What the task asks: Taking the data below, please print only the lines from the line holding "- Фрегаты —" to the line holding "宴席上,上這個菜確實有些掉面", inclusive, with pictures omitted.

Data records:
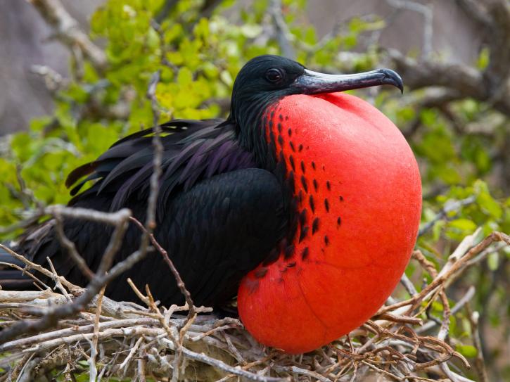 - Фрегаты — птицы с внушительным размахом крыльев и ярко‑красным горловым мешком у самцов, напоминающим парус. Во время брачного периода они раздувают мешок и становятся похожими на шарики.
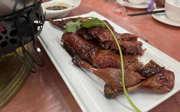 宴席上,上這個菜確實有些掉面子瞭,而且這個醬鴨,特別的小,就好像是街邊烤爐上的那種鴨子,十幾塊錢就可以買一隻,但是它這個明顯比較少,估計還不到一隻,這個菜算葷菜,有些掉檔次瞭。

==

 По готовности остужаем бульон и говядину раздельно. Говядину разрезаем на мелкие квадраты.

Solution below:
 - Фрегаты — птицы с внушительным размахом крыльев и ярко‑красным горловым мешком у самцов, напоминающим парус. Во время брачного периода они раздувают мешок и становятся похожими на шарики.
 宴席上,上這個菜確實有些掉面子瞭,而且這個醬鴨,特別的小,就好像是街邊烤爐上的那種鴨子,十幾塊錢就可以買一隻,但是它這個明顯比較少,估計還不到一隻,這個菜算葷菜,有些掉檔次瞭。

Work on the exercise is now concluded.